■ How to complete this task
Your answer should be the lines from the one with "截止2月02日,国内确诊病例" to the end of the data below, both included, exact and free of pictures.

■ Record extracts
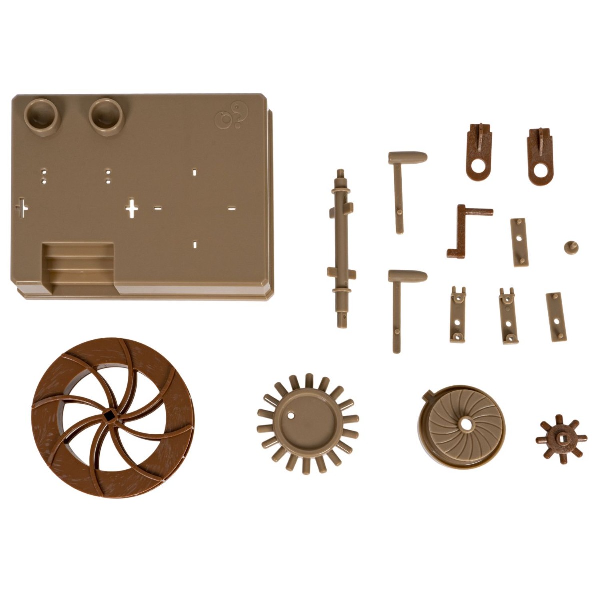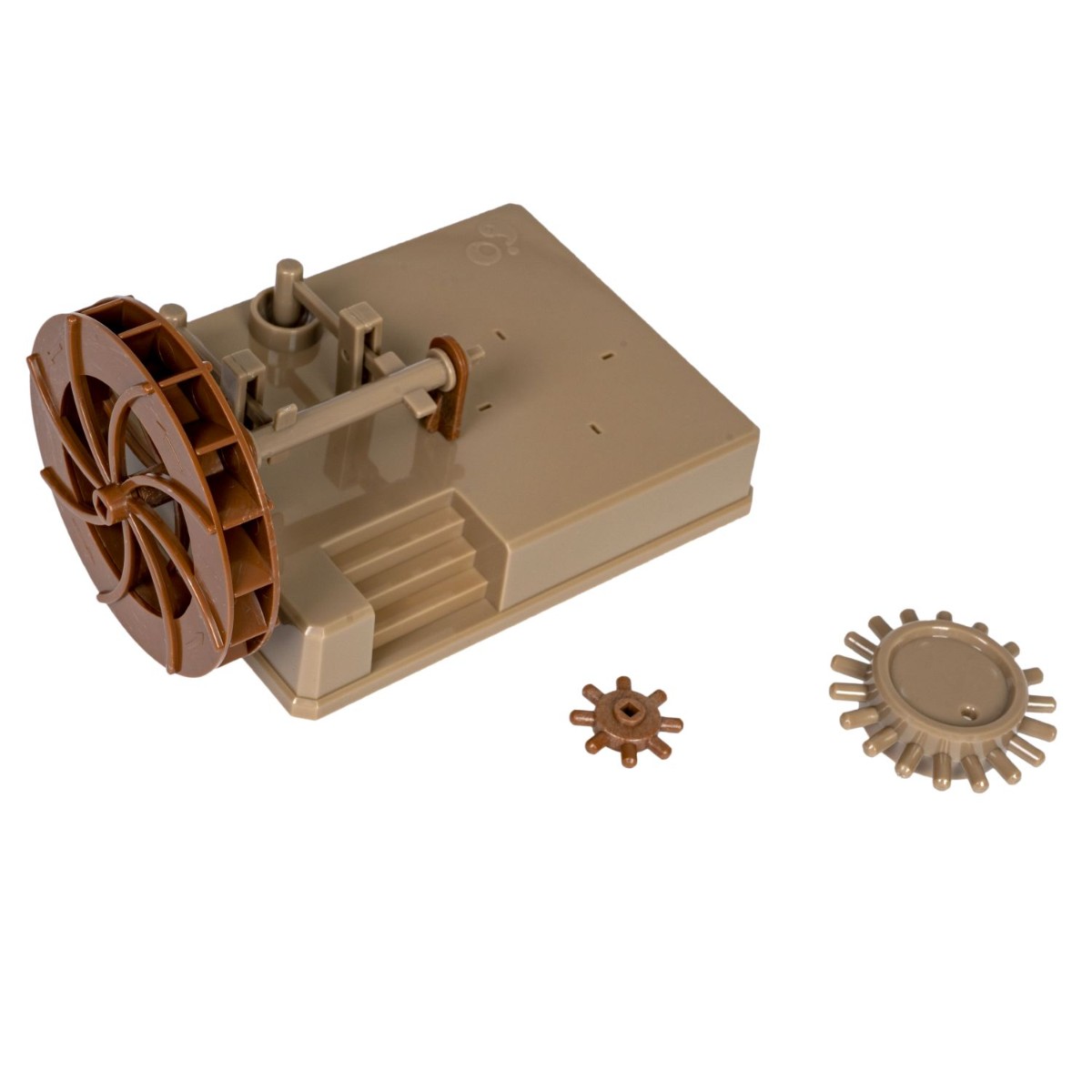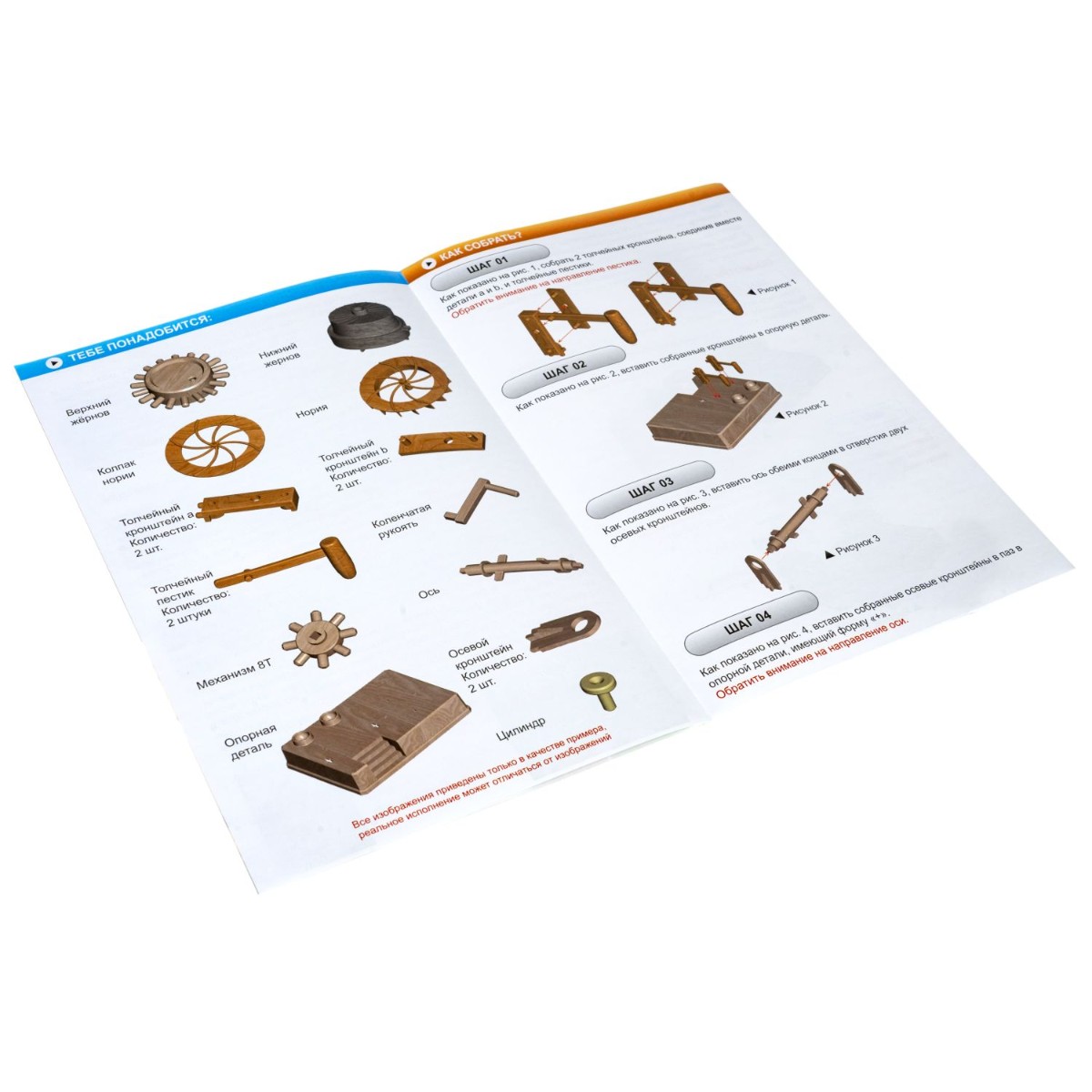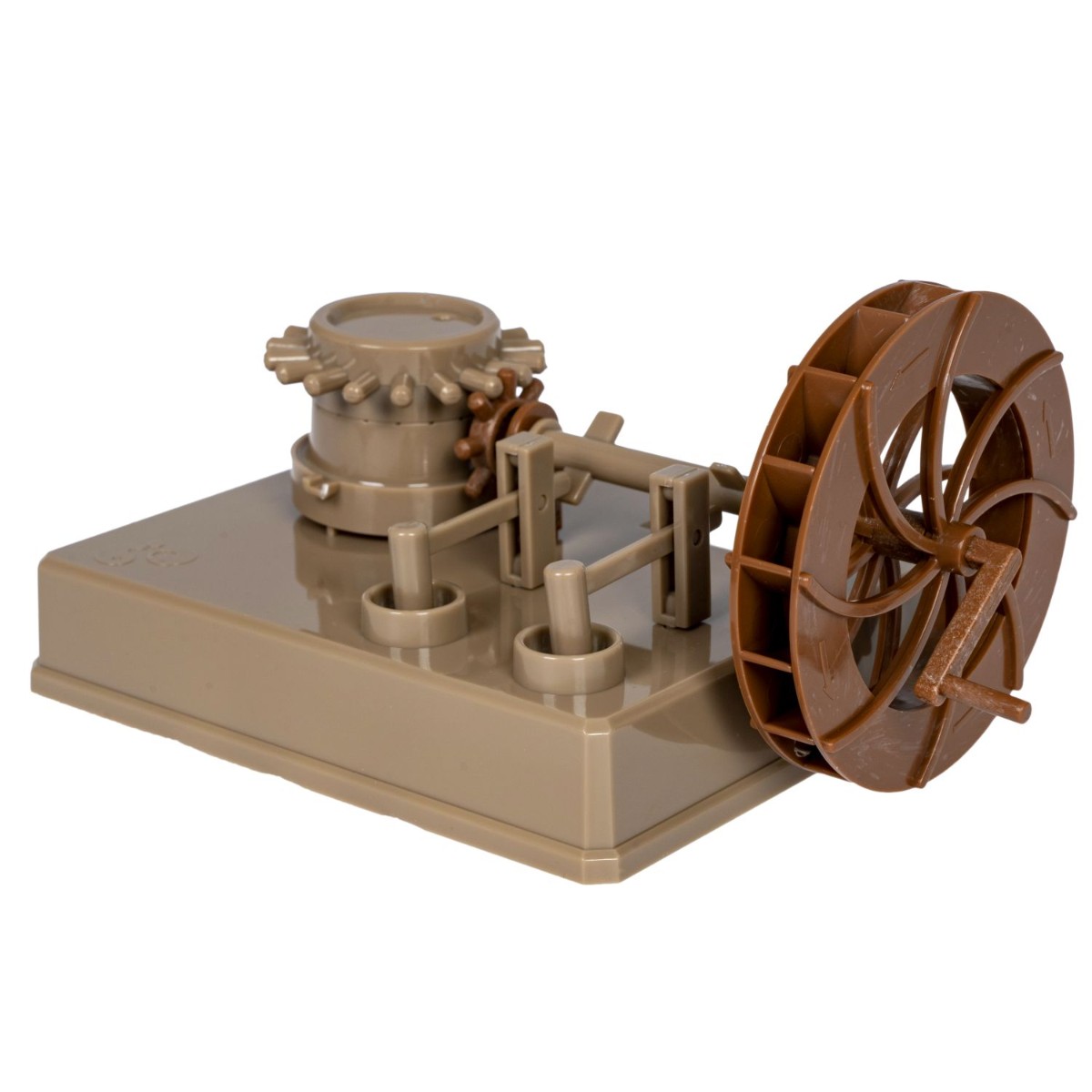 Водяные мельницы существуют с незапамятных времен. Они были изобретены для облегчения труда человека еще в глубокой древности и служат нам по сей день! Этот набор позволит ребятам познакомиться с устройством водяной мельницы, собрать ее действующую модель, и увидеть, как под воздействием воды механизм водяной мельницы приходит в работу. Это идеальное наглядное пособие для первых физических опытов. В состав набора входят верхний жёрнов, нижний жёрнов, 2 осевых кронштейна, 4 толчейных кронштейна, колпак нории, нория, коленчатая рукоять, 2 толчейных пестика, механизм, опорная деталь, ось, цилиндр и инструкция.
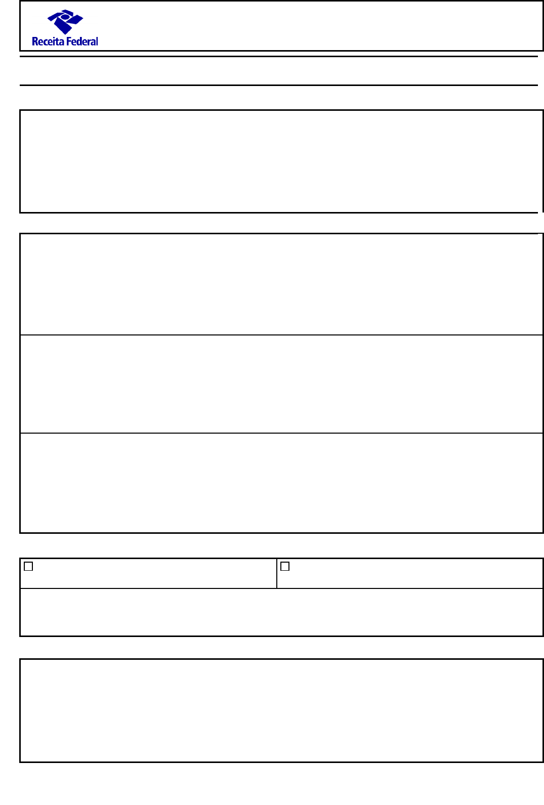 Ministério da Fazenda Secretaria da Receita Federal do Brasil Formulário para Solicitação de Mercadorias Apreendidas (Anexo I da Norma de Execução Copol nº 1/2011) SOLICITANTE Órgão/Entidade: CNPJ: Endereço: Cidade/Estado: Telefone: ( ) CEP: E-mail (se houver): PEDIDO (utilizar verso se necessário) Quantidade e Descrição/Caracterização: Justificativa/Motivação: Finalidade/Destinação das Mercadorias: IDENTIFICAÇÃO DO SOLICITANTE Titular ou Representante Legal (anexar documentos comprobatórios e de identificação com foto e assinatura) Delegatário ou Preposto (anexar documento delegatório de competência específica ou procuração com poderes específicos e de identificação com foto e assinatura) Eu, ________________________________________________________, cargo/função, ________________________________________ portador do CPF ______________________, declaro sob as penas da Lei, em especial dos arts. 171 e 307 do Código Penal, ter legitimidade para solicitar e receber doação de bens, nos termos dos regramentos, estatutos ou regimentos desta instituição ASSINATURA DO SOLICITANTE Local, Data e Assinatura do Titular / Representante Legal ou Delegatário / Preposto: Ministério da Fazenda Formulário para Solicitação de Mercadorias Apreendidas (Anexo I da Norma de Execução Copol nº 1/2011) SOLICITANTE PEDIDO (utilizar verso se necessário) IDENTIFICAÇÃO DO SOLICITANTE ASSINATURA DO SOLICITANTE CheckBox: Off CheckBox1: Off
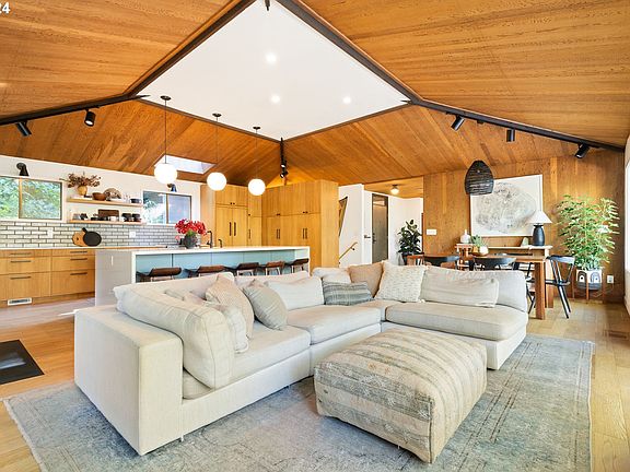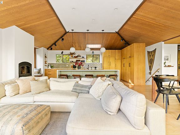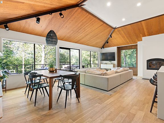 Sublime NW Regional Modern - unique custom design with interiors updated by the current designer owner.The gable covered walkway leads you into the home where vaulted ceilings with natural wood details stun upon entering. The wall of windows brings the outdoors in, flooding the space with natural light and overlooks the lush forested lot. The main living space is open and airy with the beautifully updated kitchen that features designer tile & fixtures, custom cabinetry, upper end appliances and a large quartz island for cooking projects and entertaining. The adjacent living/dining space has a cozy modern wood burning fireplace, built in reading nook and a sliding glass door to connect to the outdoor deck living space that floats at tree level providing views of the serene green space. The primary bedroom is on the main floor with vaulted ceilings, beautiful wood paneling, glass doors that lead to a private deck and an adjacent laundry area. The primary connects to the main floor spa-like bath with limestone floors, walls of Japanese tile, designer lighting, custom cabinetry, a soaking tub, high wood ceilings with a skylight creating a soothing space full of natural light.The lower level has 2 bedrooms with 1 full bath, a large living space with custom built-ins for entertainment and office space connected to another deck that has access to the yard. A large workshop is connected to the lower level living space perfect for a studio, workshop or gym. Finishes featured throughout: wood floors, Ann Sacks & Cle tile, Schoolhouse hardware + light fixtures, Noguchi/DWR/Cedar&Moss lighting. This beautiful, turnkey one of a kind home is sited beautifully into the private .48 acre lot for maximum privacy.Premium accessibility located within minutes to Multnomah Village restaurants + shopping,parks, freeway access. [Home Energy Score = 4. HES Report at https://rpt.greenbuildingregistry.com/hes/OR10233494]
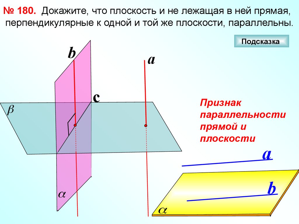№ 180. Докажите, что плоскость и не лежащая в ней прямая,перпендикулярные к одной и той же плоскости, параллельны.
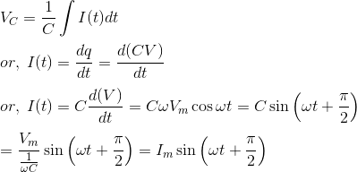 因此,从上面很清楚单相电力计算在电容器电流的情况下,I(t)和V(t)通过π/ 2的角度引入电压。
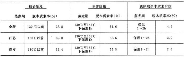 注:原料中克拉森木质素含量为:全秆17,62%,秆芯20.82%,麻皮9.89%。
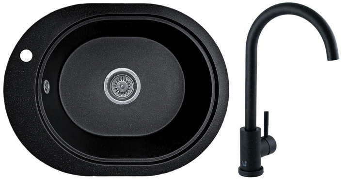 Мийка кухонна, гранітна, овальна Valetti 61L 56х43см Чорна + змішувач
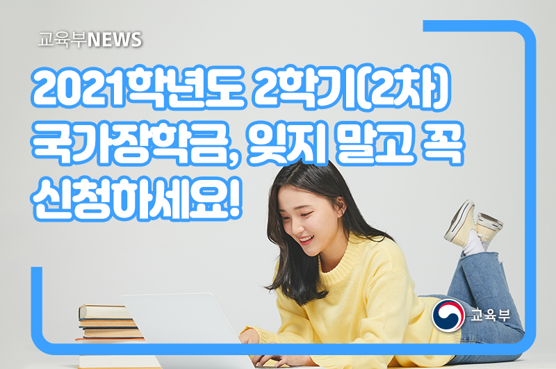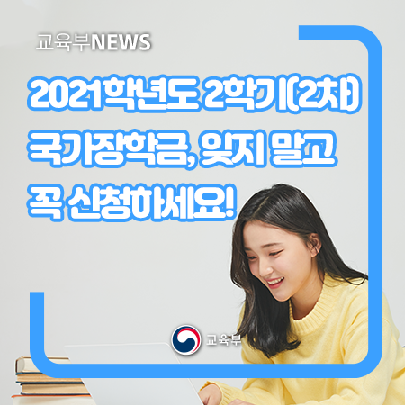 교육부(부총리 겸 교육부장관 유은혜)와 한국장학재단(이사장 이정우, 이하 ‘재단’)은 8월 17일(화) 9시부터 9월 16일(목) 18시까지 2021학년도 2학기 2차 국가장학금 신청을 받는다.
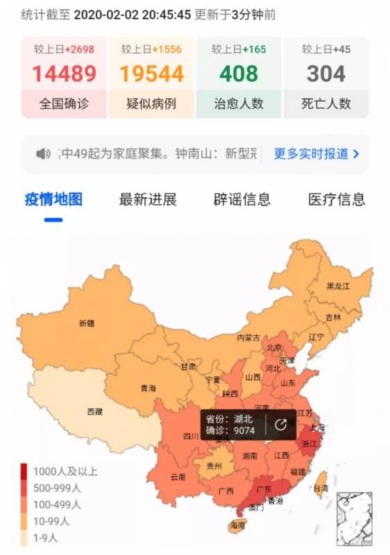 截止2月02日,国内确诊病例达14489例,疑似19544例,死亡304例,治愈408例。
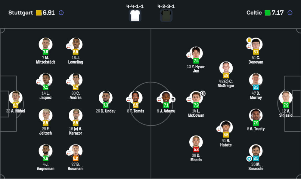 - 🔁 นาทีที่ 64 ถึง 85 ทั้งสองทีมสลับเปลี่ยนตัวหลายตำแหน่ง สตุ๊ตการ์ทใส่สติลเลอร์ เดมิรอวิช เฮนดริกส์ และเอล คันนูสส์ ส่วนเซลติกส่งรัลส์ตัน ชวานชารา ตูเนกตี นือเกรน และอิเฮียนาโชลงมาช่วยตั้งรับและสวนกลับ

■ Result
 截止2月02日,国内确诊病例达14489例,疑似19544例,死亡304例,治愈408例。
 - 🔁 นาทีที่ 64 ถึง 85 ทั้งสองทีมสลับเปลี่ยนตัวหลายตำแหน่ง สตุ๊ตการ์ทใส่สติลเลอร์ เดมิรอวิช เฮนดริกส์ และเอล คันนูสส์ ส่วนเซลติกส่งรัลส์ตัน ชวานชารา ตูเนกตี นือเกรน และอิเฮียนาโชลงมาช่วยตั้งรับและสวนกลับ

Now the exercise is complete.